AI laser zapper that shoots mosquitoes mid-flight raises $2.7 million

A Chinese startup has raised $2.7 million on Indiegogo for a portable device that detects and kills mosquitoes in mid-flight using AI and lasers. 4,000 backers from more than 50 countries donated.

Photon Matrix Lab is located in Changzhou, Jiangsu, China. The company has built what it calls a consumer-grade laser defense system against mosquitoes. The device is about the size of a smartphone.

The company’s Indiegogo campaign describes the device as a combination of a computer vision module with lidar to find and kill flying insects. Each backer shelled out about $630 to reserve a unit, according to data from Indiegogo cited by South China Morning Post.

The campaign was first targeted to raise $20,000. It surpassed that by 130+ times.

The device hunts mosquitoes with lidar and AI

The system distinguishes between dust particle movement, mosquito movement, and sensor artifacts. Creator Jim Wong says the device can hit insects flying at up to one meter per second, with body sizes ranging from 2 to 20 millimeters. The company says the device can handle up to 30 mosquitoes a second. That figure has not been independently confirmed by anyone.

Sand flies and fruit flies are also in the device’s targeting range.

In April, Photon Matrix CTO Li Ran told China Daily that Chinese manufacturing gave the company an edge over Western rivals. Li said it takes two weeks to prototype a high-precision fiber laser module in Changzhou, because suppliers are nearby.

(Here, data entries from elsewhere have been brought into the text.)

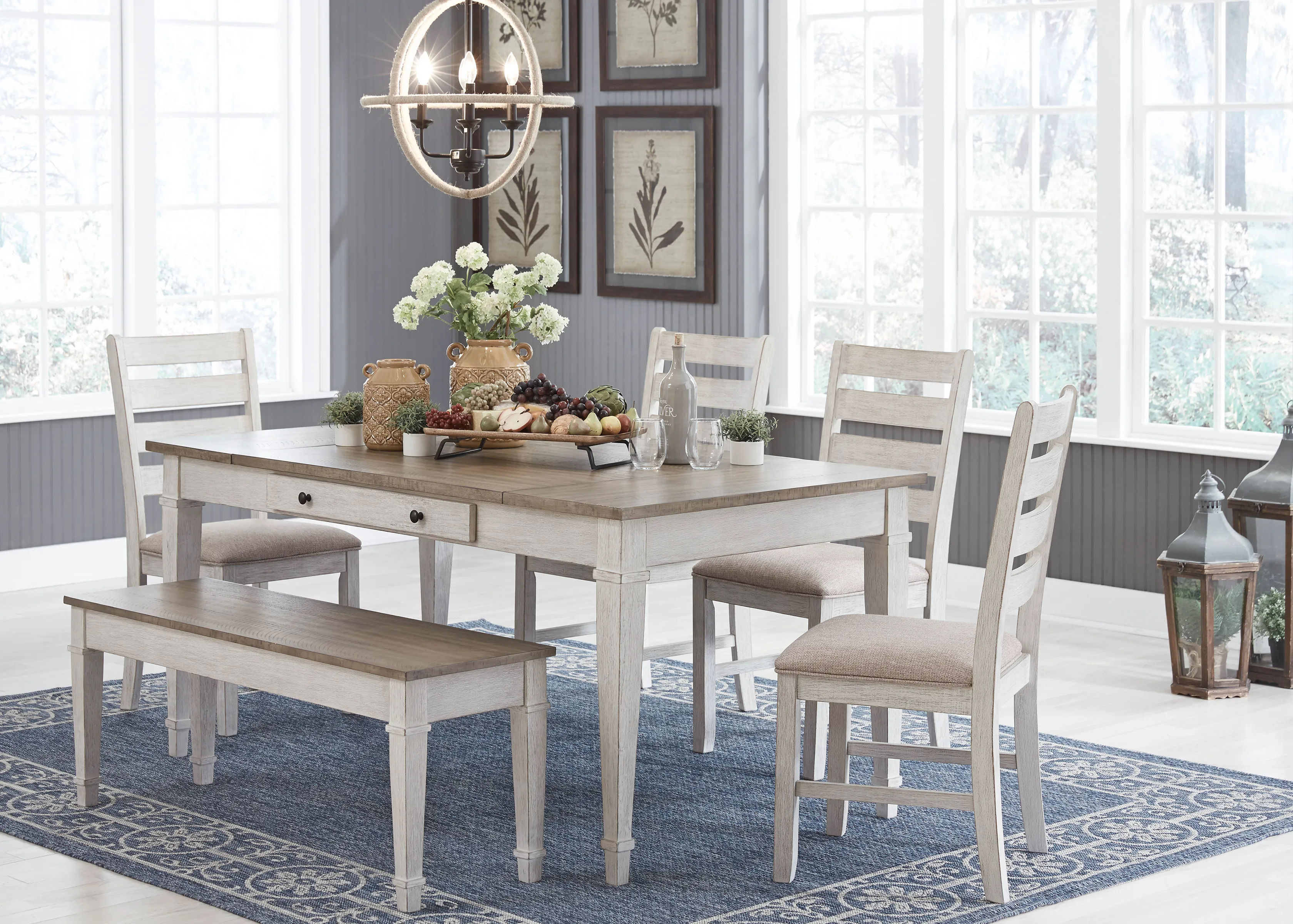 Set the scene for coastal chic or modern farmhouse living with the Skempton dining room table. Clean-lined, simply striking table doubles the charm with a brown tone top with plank effect, paired with a grayish white base with rub through effect for timeworn appeal. Multi-functional dining table features two convenient side drawers and a storage bin on each end for maximum use of space. Styled to comfortably seat six, this table makes room for one and all.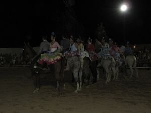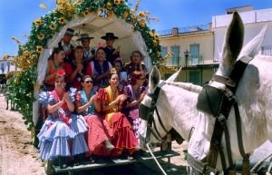 Oslavy (fiesta, feria) mívají často podobu pouti odněkud někam. Původně mívaly náboženský význam cesty k určitému křesťanskému poutnímu místu, dnes jsou „dobrou" záminkou pro několikadenní společenskou událost, při níž se objímá každý s každým, každý s každým pije, vymění si novinky, tančí se, hraje na kytaru, zpívá a všelijak jinak se zejména muži předvádějí. A co by to bylo za Andalusana, kdyby k tomu neměl koně? A tak v procesích vedle pěších jedou povozy tažené tu mulami, tu voly, tu koňmi a vedle nich jdou (často také kluso-jdou rytmem zde důvěrně popisovaným jako pi-pi-pi :-)) koně pod sedlem. Na drtivé většině z nich sedí muži, protože kolem koní tu najdete žen pomálu, a když už, tak jsou to většinou cizinky. 🙂 A za leckterým mužem pak sedí i žena ve volánových šatech, ovšem ne obkročmo, jak se často v zahraničí prezentuje, ale bokem způsobně s nožkama u sebe, na polštářku na zádi koně a jednou rukou objímá svého španělského „macho". To je španělská „seňorita".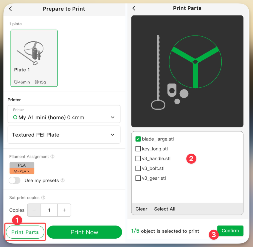 ไฟล์โมเดลบางไฟล์ อาจจะมีส่วนประกอบของโมเดลหลายชิ้น ซึ่งในบางครั้ง อาจจะต้องการเพียงบางชิ้น ไม่อยากปริ้นทั้งหมด ตัว App Bambu Handy ก็สามารถที่จะเลือกปริ้นเฉพาะโมเดลได้ โดยการกดปุ่ม Print Part แล้วเลือกไฟล์ที่ต้องการจะปริ้น การเลือกก็แค่ ติ๊กถูกหน้าชื่อไฟล์ที่ต้องการ ไฟล์ไหนไม่ต้องการปริ้น ก็ให้เอาเครื่องหมายติ๊กถูกออก เสร็ตแล้วกดปุ่ม Confirm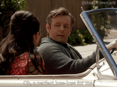 Michael Sheen as Bill Masters in a car, expressing a 'perfect lose-lose' situation.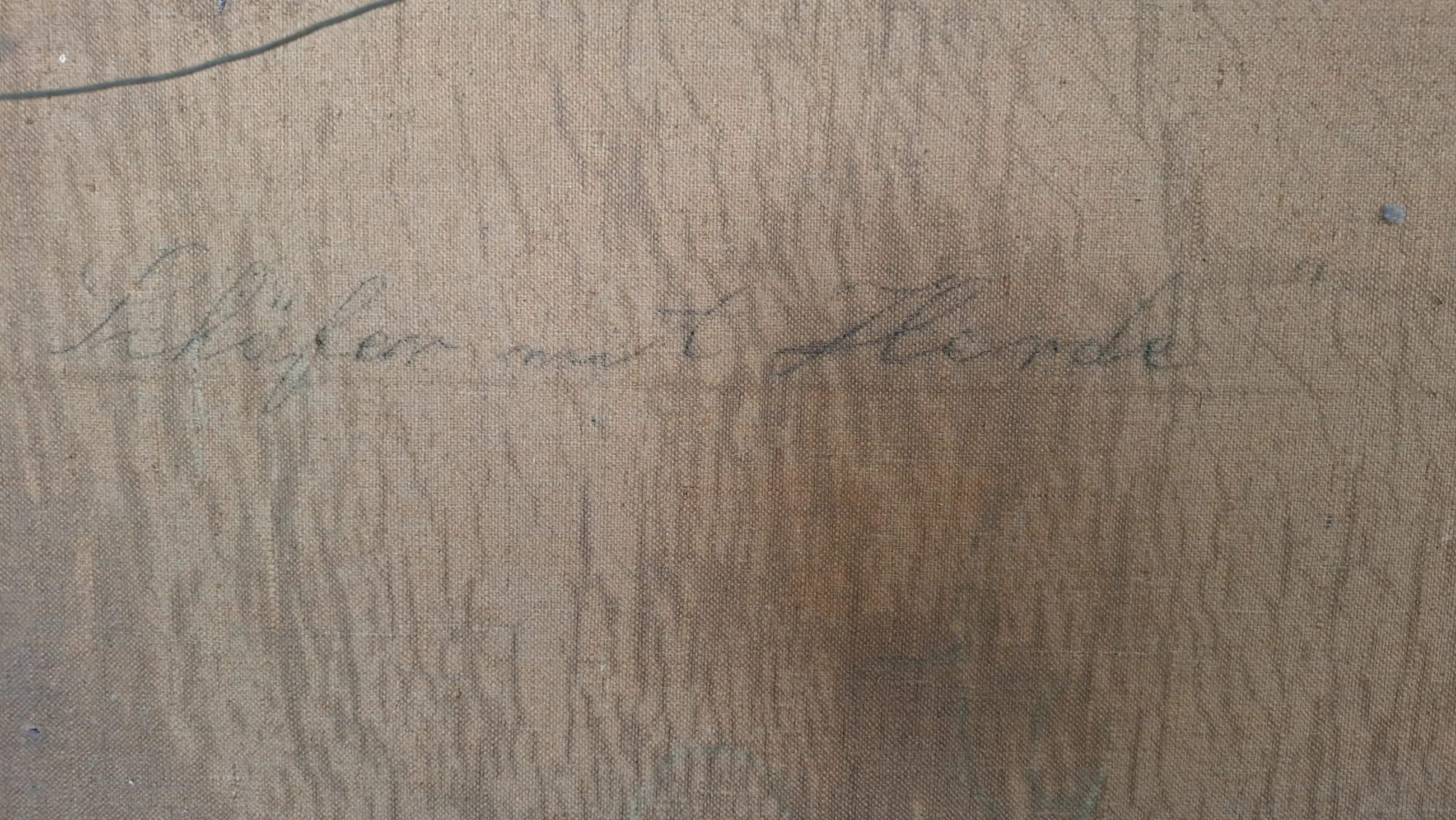 De handgeschreven oorspronkelijke titel door de kunstenaar zelf: 'Schäfer mit Herde'.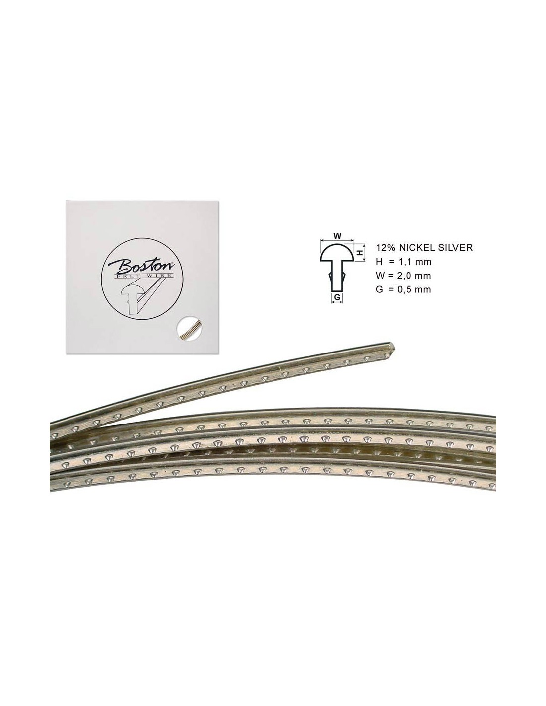 fretwire, 5 m., 12% nickel silver, h=1,1 w=2,0 g=0,5mm, alternative for 6220

“In Silicon Valley, it’s hard to find a supplier who can prototype a high-precision fibre laser module in two weeks,” he told the outlet. “But in Changzhou, the supply chain is right downstairs.”

Chinese firms repurpose military or industrial tech for consumer products with the help of mature local supply chains, cheap lidar, and edge computing, according to SCMP.

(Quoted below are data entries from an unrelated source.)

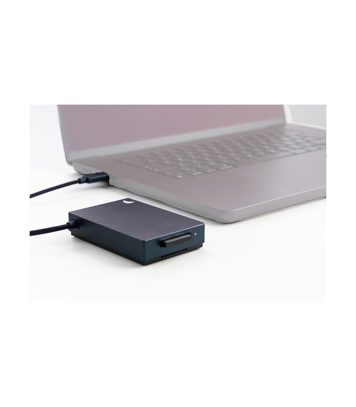 Le lecteur est alimenté par bus et se connecte nativement via USB-C à tous les systèmes d'exploitation modernes (macOS, Windows, Linux, iPadOS). Sa rétrocompatibilité lui permet de fonctionner sur des ports plus lents, tout en signalant la vitesse maximale atteinte grâce à son indicateur LED intégré : une lumière Blanche confirmant la connexion USB 4.0 (40 Gb/s), et Bleue pour l'USB 3.2 (20 Gb/s). Cet outil d'ingénierie est l'allié idéal de tout professionnel cherchant à maximiser le rendement de son temps en post-production.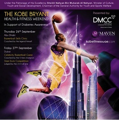 In honor of Health and Fitness weekend, Dubai Multi Commodities Centre (DMCC) has invited Bryant to coach a celebrity basketball game and host other activities in support of diabetes awareness at the state-of-art Knights Arena at the American University in Dubai this Friday, September 27, 2013. The game will then be followed by a slam dunk competition, which Bryant himself will be judging.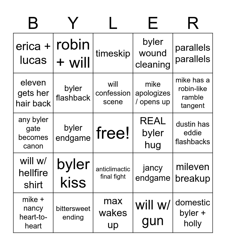 This bingo card has a free space and 24 words: byler kiss, bittersweet ending, will confession scene, mike + nancy heart-to-heart, parallels parallels, erica + lucas, eleven gets her hair back, robin + will, REAL byler hug, anticlimactic final fight, mike apologizes / opens up, any byler gate becomes canon, jancy endgame, mileven breakup, byler flashback, will w/ gun, dustin has eddie flashbacks, timeskip, mike has a robin-like ramble tangent, byler endgame, domestic byler + holly, will w/ hellfire shirt, byler wound cleaning and max wakes up.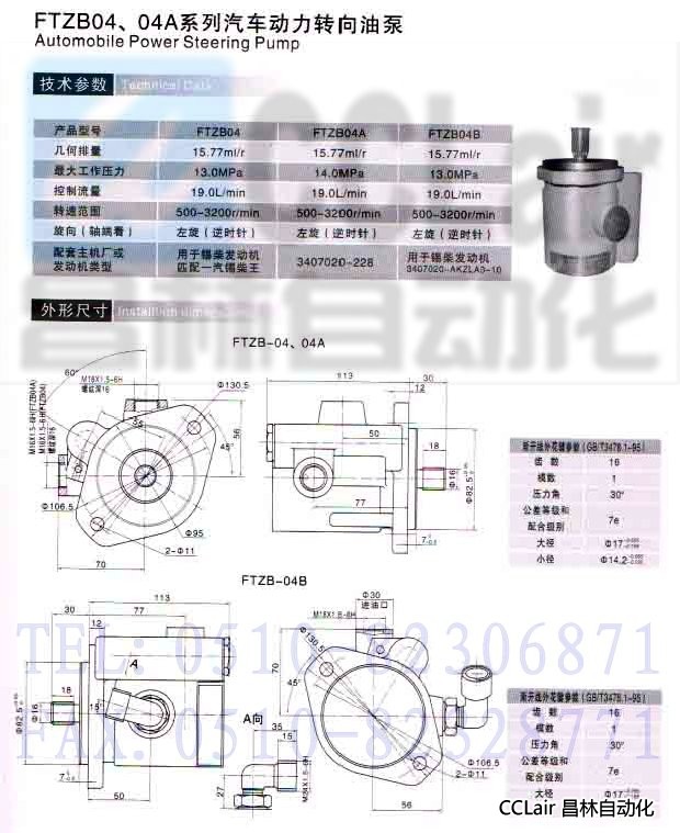 FTZB04,FTZB04A,FTZB04B,汽車動力轉(zhuǎn)向油泵

Mass production moves to August

Photon Matrix initially promised deliveries in early summer 2026. But the company is now hoping to begin mass production in August.

This sort of delay is common in hardware crowdfunding. Indiegogo and Kickstarter campaigns often do not ship on the original date, and some never ship. Photon Matrix still has to comply with Western safety standards for a consumer laser product. That may mean further delays.

Laser mosquito defense technology has existed since 2007. Astrophysicist Lowell Wood proposed the idea in a Bill and Melinda Gates Foundation brainstorming session on malaria elimination, according to Wikipedia. Wood was an aide to the architect of the Strategic Defense Initiative, conceived during the Reagan years. He envisioned using missile defense principles against disease-carrying insects.

Since then, a number of teams have attempted to create commercial versions. But none of them could be produced cheaply on a mass scale. Photon Matrix is a pricey $630 device, but it could be the first viable consumer product in the category.

Climate change is expanding the range of mosquito species that carry dengue and Zika into previously temperate regions. In 2024, the European Union has seen over 300 cases of locally acquired dengue. According to a ClimaHealth report, that’s more than the combined total of dengue cases of all the previous 15 years.